Dołączył(a): 1 maja 2006, o 20:02 Posty: 124 Lokalizacja: Sosnowiec
Stal nierdzewna
Mam nieco złomu stali nierdzewnej (głównie noże) i chodzi mi po głowie odzyskiwanie z niej chromu (ok. 18%) i w mniejszych ilościach niklu (>8%). Resztę stanowi żelazo z domieszkami węgla, manganu, fosforu, krzemu i siarki, więc po oczyszczeniu byłoby z tego trochę FeSO4. Zastanawiam się właśnie, w jaki sposób rozdzielić poszczególne składniki stopu. Próbkę tej stali rozpuściłem w kwasie siarkowym i dumam właśnie co z nią zrobić. Chciałbym otrzymać chrom w postaci jego soli chromowych, albo jako chromiany lub dwuchromiany. Siarczan Cr2(SO4)3 chciałbym przeznaczyć na ałun, a i dwuchromianu nigdy za wiele. Nikiel i żelazo powinny być w postaci soli, najlepiej siarczanów. Ma ktoś jakiś patent jak to zrobić
_________________ Keep walking
10 sie 2006, o 12:22
Sulik
@MODERATOR
Dołączył(a): 11 cze 2006, o 21:37 Posty: 2574 Lokalizacja: Krakow
przykladowo nikiel stracisz za pomoca:
CrO4-2
C2O4 -2
jak sie pozbedziesz osadu niku mozesz sprobowac stracic osady Fe
za pomoca:
[Fe(CN)6] -4
S -2
AsO4 -3
SiO3 -2
i na koniec zostanie Ci w roztworze zwiazki Cr, ktore tez mozesz stracic za pomoca np.
S2O3 2-
lub OH- (ale wtedy musisz byc pewny ze niczego innego juz nie ma - bo z OH- straca sie i Fe jak i Ni)

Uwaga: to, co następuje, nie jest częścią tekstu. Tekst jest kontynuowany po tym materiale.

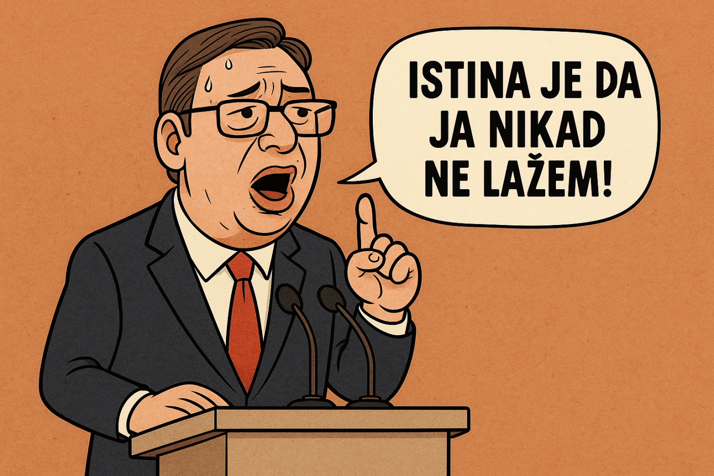On u ovom govoru nije političar – on je mešavina Nostradamusa, dispečera i vođe izviđača u jednoj osobi. Sve zna, sve vidi, sve rešava. A kad ne zna – zna ko zna. A kad ni to ne zna – onda su strane službe krive.
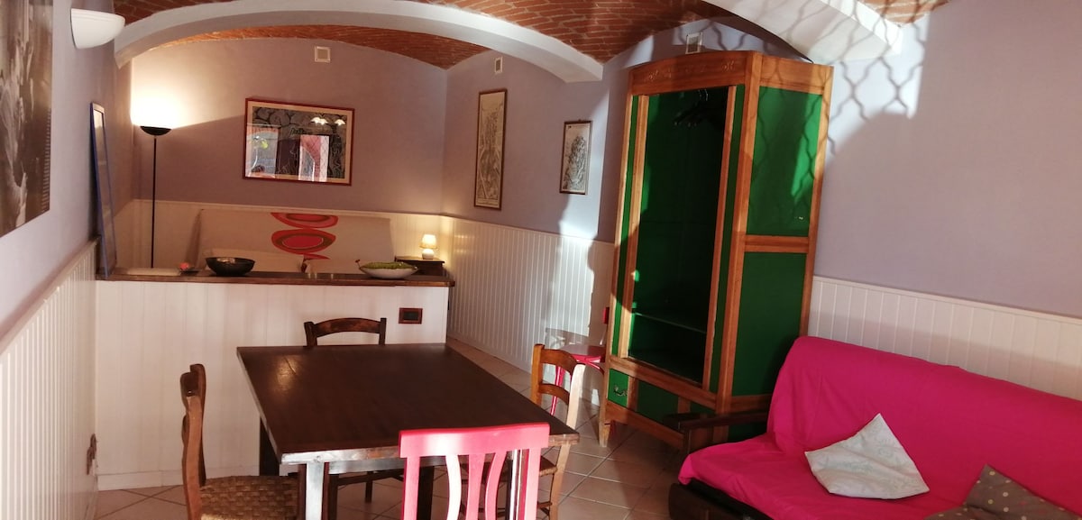 In the historic center of the city of Giaveno in the pedestrian area. Small house on the first floor with self check-in. Very bright, with window and balcony. Bed 140x200cm and armchair bed 80x190cm. Kitchen with stove top, microwave oven, refrigerator/freezer; equipped and ready for daily use. Bathroom with shower, washing machine and clothesline. Thermoautonomous. TV and dedicated WiFi On request, bed and baby high chair. Pets allowed only by prior to booking. CIR 00111500010
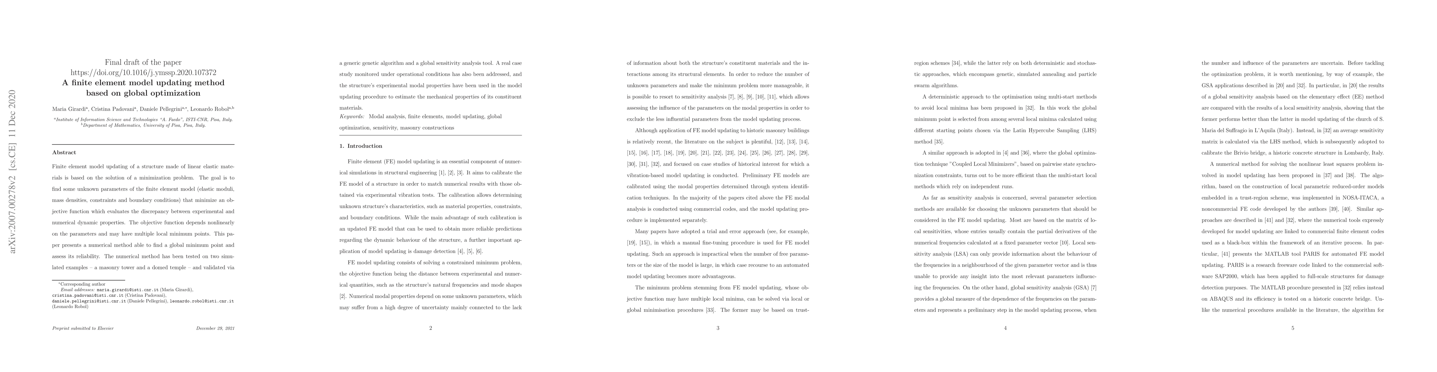 Researchers developed a method to update finite element models of structures using global optimization to minimize discrepancies between experimental and numerical properties. The method was tested on simulated examples and validated with real-world data, showing its reliability in estimating mechanical properties.
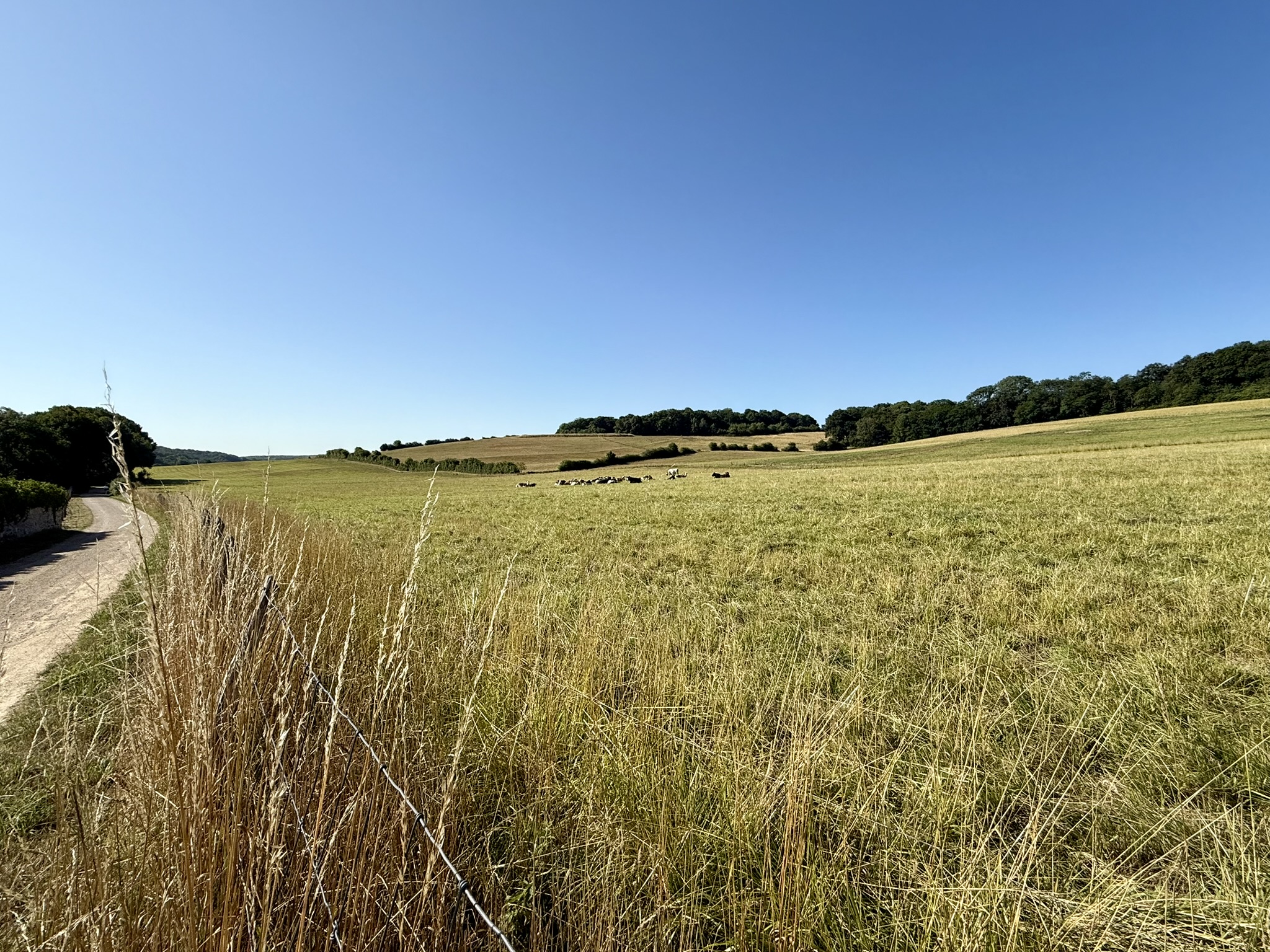 S’en suit une section nettement moins intéressante, mais obligatoire, pour rallier le prochain point d’intérêt de la randonnée. Cette section de la randonnée se déroule d’abord en lisière de forêt, puis plus franchement au soleil à travers les champs (cagnard garanti en été par forte chaleur !)
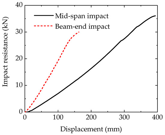 Based on Equation (7), the impact load-resisting mechanism of the specimens on the left side of the impact location is in line with that of the mid-span impact scenario. Figure 13a presents the impact resistance–displacement curves of the specimens on the left side of the impact location under the beam-end impact scenario. The tendency for the impact resistance provided by the left-hand part to decline as the SDR increases is similar to that in the mid-span impact scenario. When compared with the specimens having the same SDR in the mid-span impact scenario, the impact resistance provided by the specimens on the left side of the impact location under the beam-end impact scenario is substantially decreased. In the beam-end impact scenario, the span length L1 of the specimens on the left side of the impact location is nearly equal to the full span length, and the maximum displacement also drops significantly. This leads to a marked reduction in the impact resistance provided by the left-hand part, as shown in Table 4.
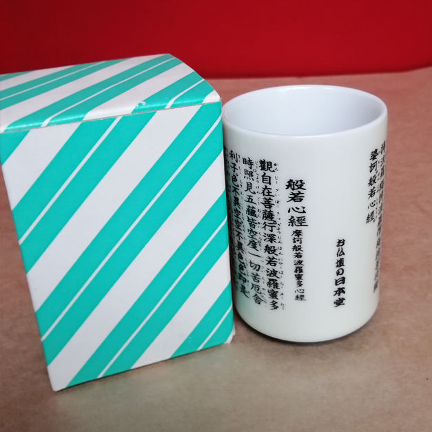 | 商品説明 | 【商品コード:2400】 般若心経が器全体に書きこまれた湯呑となっております。 日本堂のロゴマーク入り。 湯呑自体は、特に目立った汚れや傷はありません。 箱は、古い感じがします。 ■商品詳細 ●サイズ:高さ約8.5㎝、幅約6.5㎝ ●材質:瀬戸物 ※未使用品ですが、アウトレット・在庫処分品の為、汚れ、キズがある場合がございます。 ※返品不可となりますので、ご了承の上ご注文ください。 |
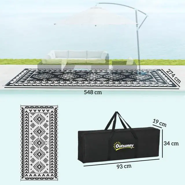 • Outdoor Patio Rug, Large Camping Carpet with Carrying Bag, 9' x 18' Waterproof Plastic Straw, Reversible, Black & White Rhombus Patchwork
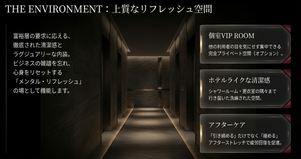 - ガチのボディビルダーや安さ重視の人にはミスマッチだが、忙しいビジネスマンには最適な環境
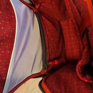 Well patted backpack for roaming the day. Slanted figure gives it a more sleek look and less bulk. Can hold a 15 inch laptop. And has slots for pens and your personal items. Both sides has waterbottle slots that are very deep. As well the water bottle slots are adjustable with a clip. About 20inches in height, 7 inches in length and 10 inches in width In great condition.
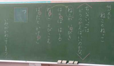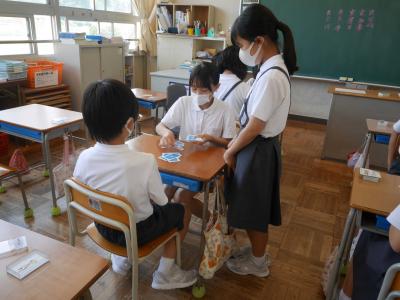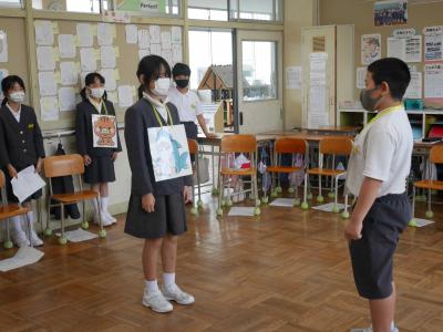 1年生が、国語科の教材を使って6年教室でクイズを出題しました。
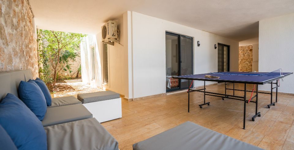 Salon : Salonda klima uydu alıcı, TV, DVD Player, Netflix bağlantısı, Playstation, çeşitli kart ve kutu oyunları, oturma grubu, lavabo yer almaktadır. Salon havuz katındadır. Bu alanda da oturma gurubu, masa ve sandalye bulunur.
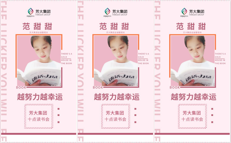 自从加入芳大,老大每天对她一对一指导,教她专业知识以及如何管理团队等等。后来,随着时间的推移,她还认识了技术部的前辈,性格超级好的前辈和热心的老大一样乐于助人,手把手教她做视频、做课件……来芳大的短短几个月,范甜甜就学到了以前在工作岗位上从来不曾接触的东西,她感觉到自己在飞速成长着。特别是在读到由芳大集团董事长吴小芳联合芳大集团执行董事长吴利元倾力打造的巨著《谈话的力量》这本书时,范甜甜被深深的吸引了,醍醐灌顶,决定把语言的力量充分发挥到日常工作中。
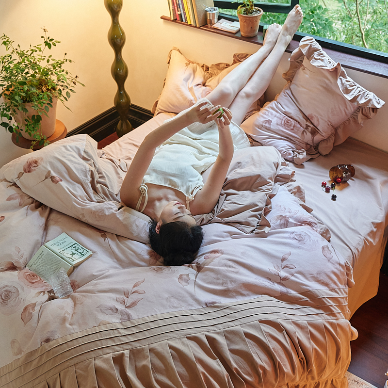 曼布缇 2025秋冬新品100s全棉加厚磨毛工艺款四件套-南法庄园 南法庄园-丝绒拿铁
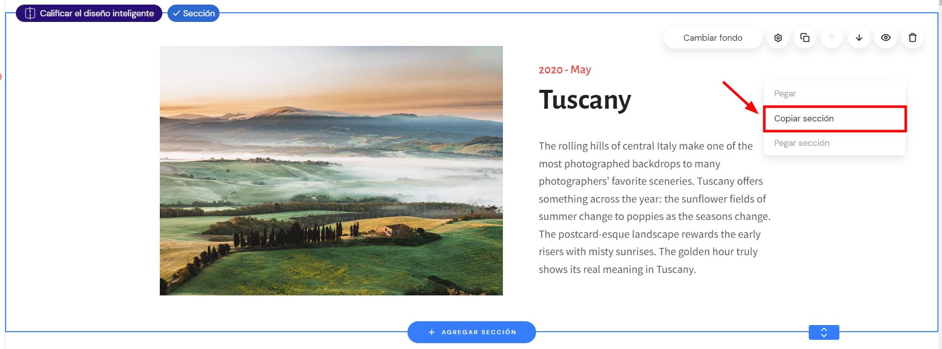 Puedes copiar fácilmente una sección y pegarla en la misma u otra página de tu web.
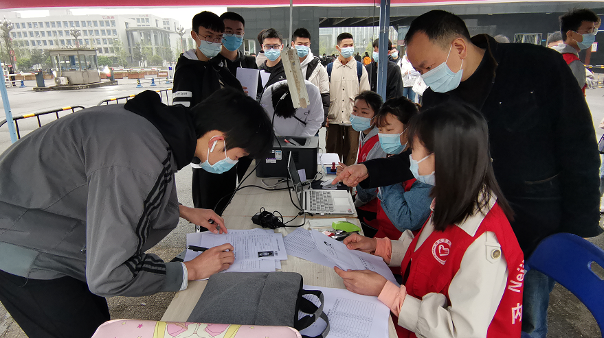 当天上午,考生们自觉佩戴口罩、有序排队,主动配合工作人员进行体温检测,在学生志愿者的引导下有序进行身份信息核验、资格审核、打印准考证等。
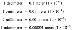 A unit of linear measurement, called a VARA of Spanish and Portuguese origin, was formerly used to measure land boundaries in those areas of the United States that were at one time under Spanish control. In those areas old deeds and other land instruments still contain property descriptions in varas, which vary from state to state and country to country from 32 to 43 in.Metric Units In many of the non-English-speaking countries of the world, the most commonly used basic unit of linear measure is the meter. The length of a meter was originally designed to equal (and does equal very nearly) one ten-millionth part of the distance, measured along a meridian, between the earths equator and one of the poles. A meter equals slightly more than 1.09 yd.The big advantage of the metric system is the fact that it is a decimal system throughout; that is, the fact that the basic unit can be both subdivided into smaller units decimally and converted to larger units decimally by simply moving the decimal point in the appropriate direction. Names of units smaller than the meter are indicated by the Latin prefixes deci-(one-tenth), centi- (one-hundredth), mini- (one-thousandth), and micro- (one-millionth), as follows:
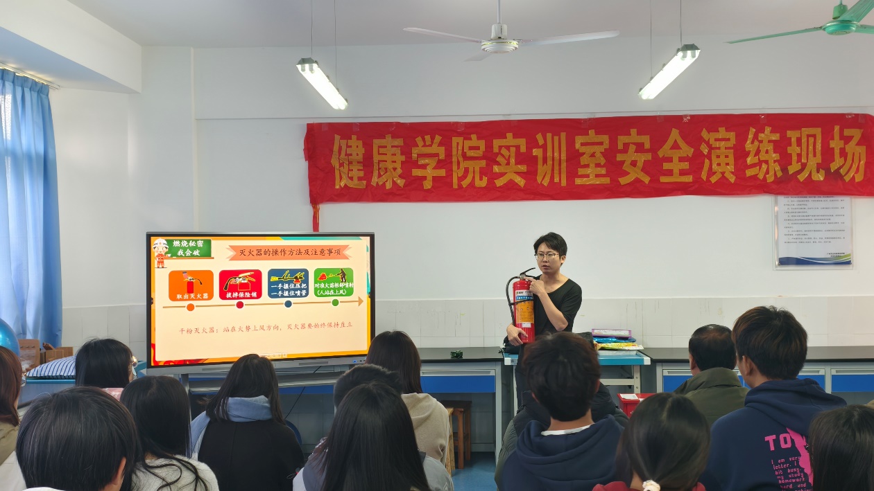 隨后,健康學(xué)院實驗員對實訓(xùn)室常見安全隱患、室內(nèi)安全距離、火場逃生與自救以及干粉滅火器的使用方法等方面進行講解,為同學(xué)們就實訓(xùn)室安全問題進行科普講解。

a najlepiej odsylam do Analizy Jakosciowej - podrecznika i tam jest dokladny schemat rozdzielania poszczegolnych kationow i anionow z ich mieszanin
_________________ "Jak zobaczysz błysk nuklearny kucnij i zasłoń się."
10 sie 2006, o 16:24
DMchemik
*******
Dołączył(a): 21 cze 2005, o 17:00 Posty: 1595 Lokalizacja: Skoczów
Nikiel mozna strascić odczynnikiem Czugajewa. powstaje piekny osad dimetyloglioksymianu niklu, a żelazo to Albo strącić błękit Turnbulla albo błękit pruski, zależnie od stopnia utlenienia żelaza
_________________ Sprzedam wodorotlenek sulfurylu SO2(OH)2, również w postaci r-rów o żądanym stężeniu. Cena do negocjacji.
weź udział:
11 sie 2006, o 16:31
eko osiem[*]
odp.
Myslę że gra nie warta zachodu za dużo pitolenia z odzyskiem
Co innego analiza na zaw. met. co innego odzysk ,
Jesli masz sporo tego złomu nierdzewki to sprzedaj i kup to co ci jest potrzebne bedzie prościej a i czystości zw. bedą na poziomie.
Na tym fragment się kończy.